DATA TO PROCESS Start Marker

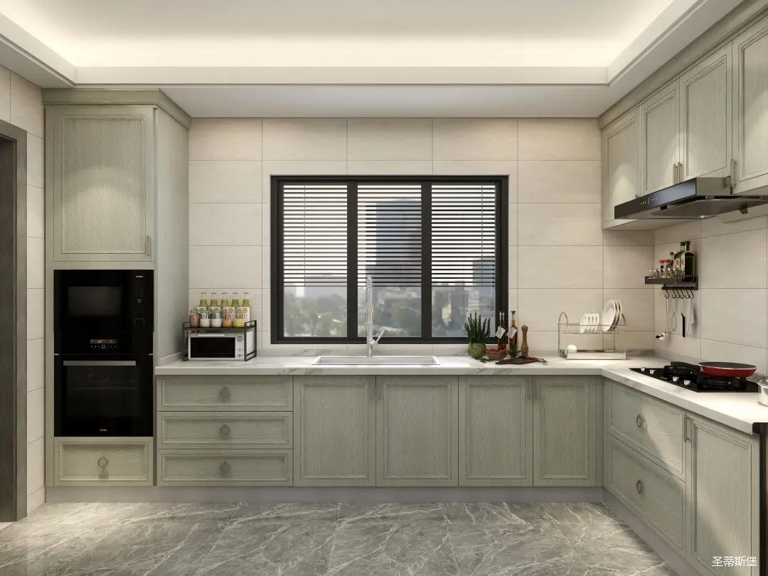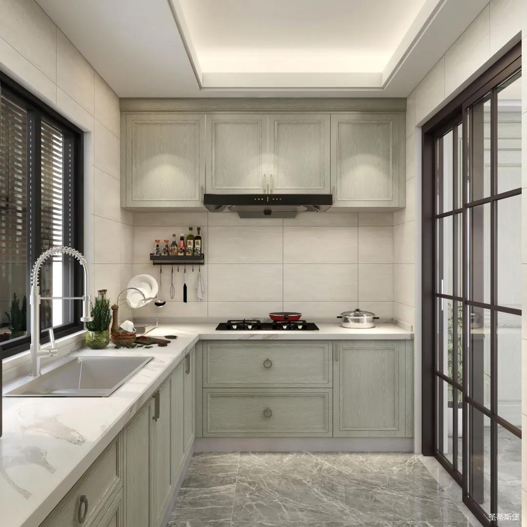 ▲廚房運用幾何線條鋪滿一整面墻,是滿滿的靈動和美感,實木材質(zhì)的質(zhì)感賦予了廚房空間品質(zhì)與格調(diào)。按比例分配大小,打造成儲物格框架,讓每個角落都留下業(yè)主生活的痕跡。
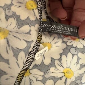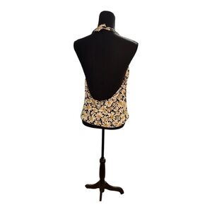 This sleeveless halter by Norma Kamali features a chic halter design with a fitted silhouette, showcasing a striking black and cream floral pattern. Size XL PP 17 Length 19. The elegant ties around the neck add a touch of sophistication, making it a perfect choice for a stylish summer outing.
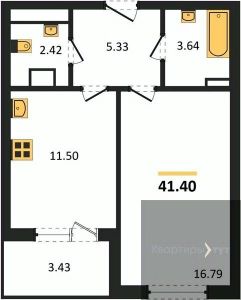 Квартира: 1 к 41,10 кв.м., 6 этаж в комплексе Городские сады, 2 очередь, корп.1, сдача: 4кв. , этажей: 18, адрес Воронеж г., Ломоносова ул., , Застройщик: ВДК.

DATA TO PROCESS End Marker
DATA TO PROCESS Start Marker

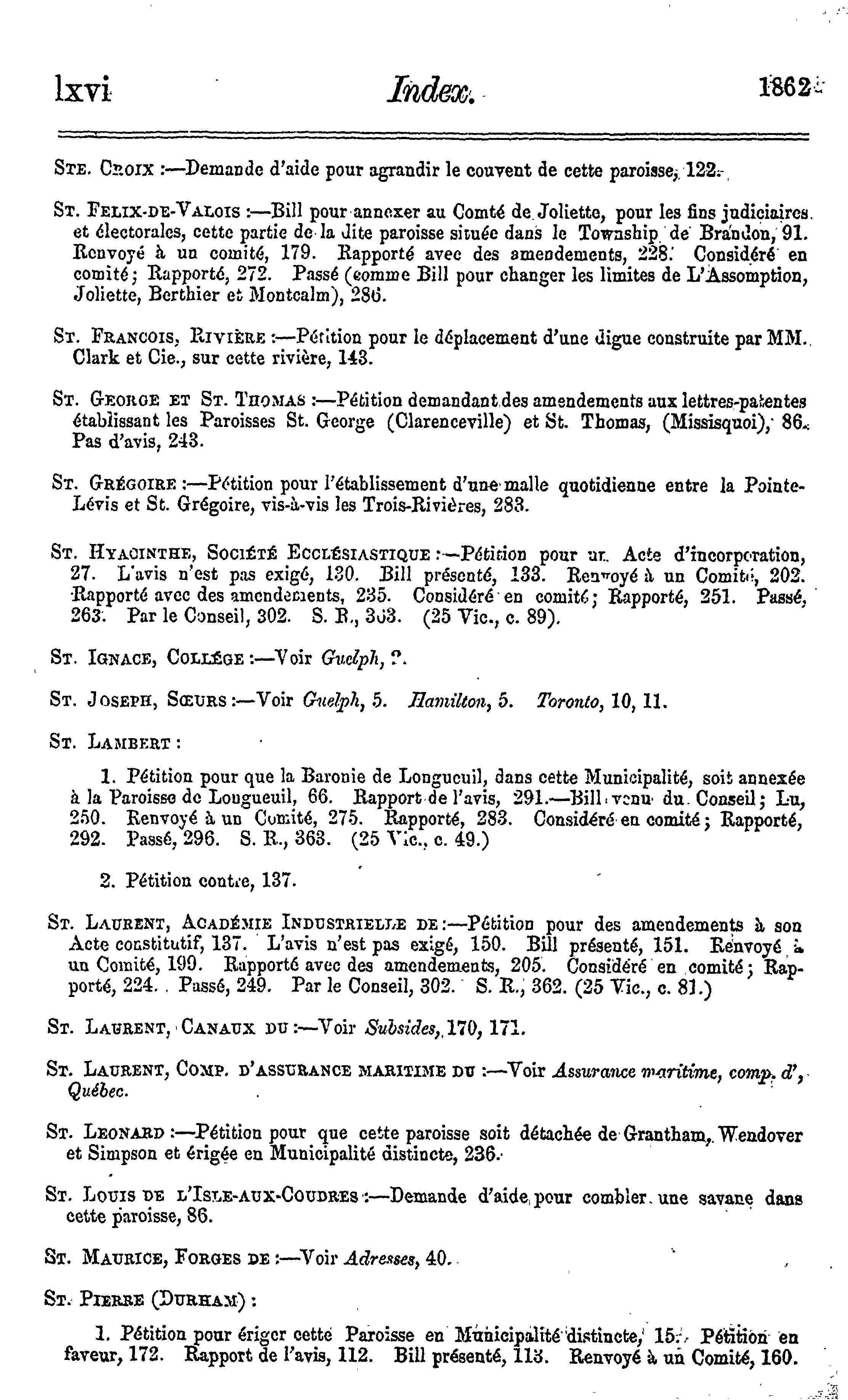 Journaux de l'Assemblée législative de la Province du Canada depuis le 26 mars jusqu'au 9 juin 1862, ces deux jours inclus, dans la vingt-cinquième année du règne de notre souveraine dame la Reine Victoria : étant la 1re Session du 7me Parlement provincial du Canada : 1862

DATA TO PROCESS End Marker
DATA TO PROCESS Start Marker

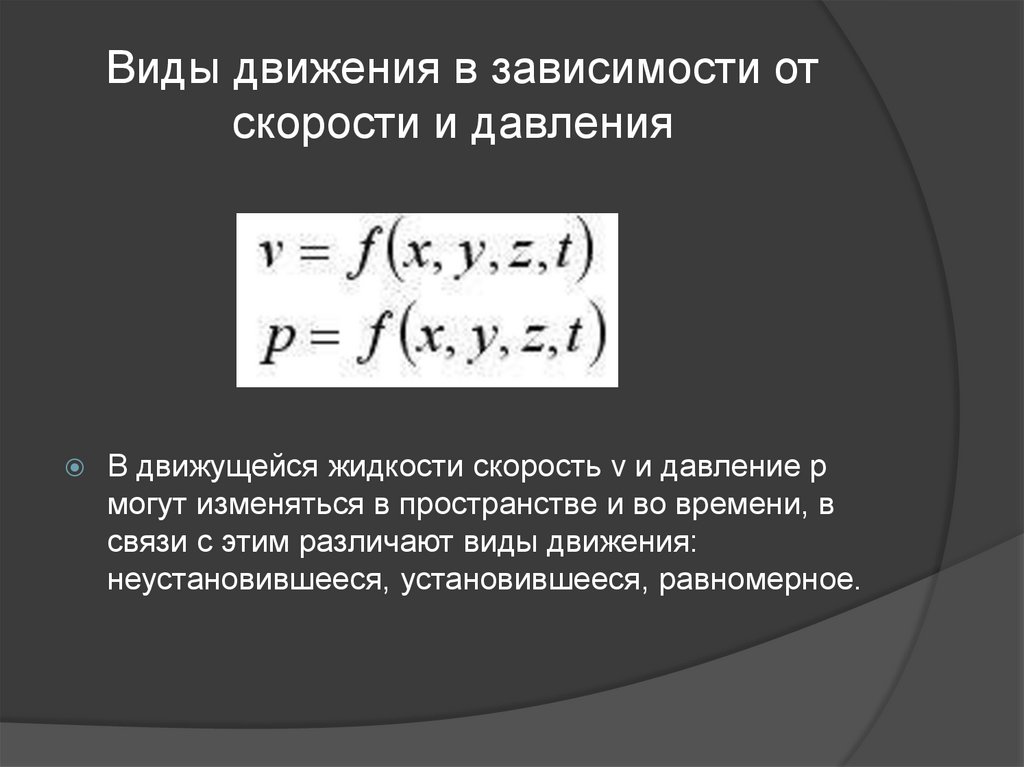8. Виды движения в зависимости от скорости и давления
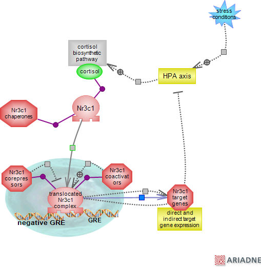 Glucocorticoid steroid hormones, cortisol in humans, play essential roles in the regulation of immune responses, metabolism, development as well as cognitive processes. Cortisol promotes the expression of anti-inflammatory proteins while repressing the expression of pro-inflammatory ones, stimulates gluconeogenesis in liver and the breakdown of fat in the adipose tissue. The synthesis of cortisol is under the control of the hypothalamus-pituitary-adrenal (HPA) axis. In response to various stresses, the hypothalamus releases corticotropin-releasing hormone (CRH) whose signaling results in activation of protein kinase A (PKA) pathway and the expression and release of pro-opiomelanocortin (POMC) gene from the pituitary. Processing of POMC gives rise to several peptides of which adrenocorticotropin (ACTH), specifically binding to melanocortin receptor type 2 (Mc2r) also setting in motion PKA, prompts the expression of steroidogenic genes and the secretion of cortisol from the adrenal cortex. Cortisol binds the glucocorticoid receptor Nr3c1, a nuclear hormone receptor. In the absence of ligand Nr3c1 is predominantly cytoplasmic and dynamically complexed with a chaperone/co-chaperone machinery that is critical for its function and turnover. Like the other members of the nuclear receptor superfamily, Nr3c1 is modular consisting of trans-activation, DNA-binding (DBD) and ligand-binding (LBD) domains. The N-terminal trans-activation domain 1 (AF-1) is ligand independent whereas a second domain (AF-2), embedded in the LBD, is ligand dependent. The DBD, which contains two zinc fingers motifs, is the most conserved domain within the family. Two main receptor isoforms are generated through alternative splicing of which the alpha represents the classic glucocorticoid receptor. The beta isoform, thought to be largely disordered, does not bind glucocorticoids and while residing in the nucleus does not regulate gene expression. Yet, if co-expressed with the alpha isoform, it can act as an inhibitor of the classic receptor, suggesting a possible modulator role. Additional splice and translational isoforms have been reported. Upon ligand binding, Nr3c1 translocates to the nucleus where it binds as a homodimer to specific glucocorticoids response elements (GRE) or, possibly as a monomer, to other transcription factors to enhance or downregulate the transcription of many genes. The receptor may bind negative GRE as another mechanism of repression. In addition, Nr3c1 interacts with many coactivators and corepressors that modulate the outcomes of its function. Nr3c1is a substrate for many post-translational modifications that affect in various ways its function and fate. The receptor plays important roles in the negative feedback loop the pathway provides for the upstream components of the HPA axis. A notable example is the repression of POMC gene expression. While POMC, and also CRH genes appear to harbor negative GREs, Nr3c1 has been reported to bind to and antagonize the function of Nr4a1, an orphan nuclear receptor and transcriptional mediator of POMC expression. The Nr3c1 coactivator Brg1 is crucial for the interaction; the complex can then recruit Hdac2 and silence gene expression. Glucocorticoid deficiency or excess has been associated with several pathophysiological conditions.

DATA TO PROCESS End Marker

ACTIVITY: In the records above, find the line containing "This sleeveless halter" and the line containing "Квартира: 1 к", then give both of them again word for word along with every line between. Omit any pictures.

PROBLEM SOLUTION:
 This sleeveless halter by Norma Kamali features a chic halter design with a fitted silhouette, showcasing a striking black and cream floral pattern. Size XL PP 17 Length 19. The elegant ties around the neck add a touch of sophistication, making it a perfect choice for a stylish summer outing.
 Квартира: 1 к 41,10 кв.м., 6 этаж в комплексе Городские сады, 2 очередь, корп.1, сдача: 4кв. , этажей: 18, адрес Воронеж г., Ломоносова ул., , Застройщик: ВДК.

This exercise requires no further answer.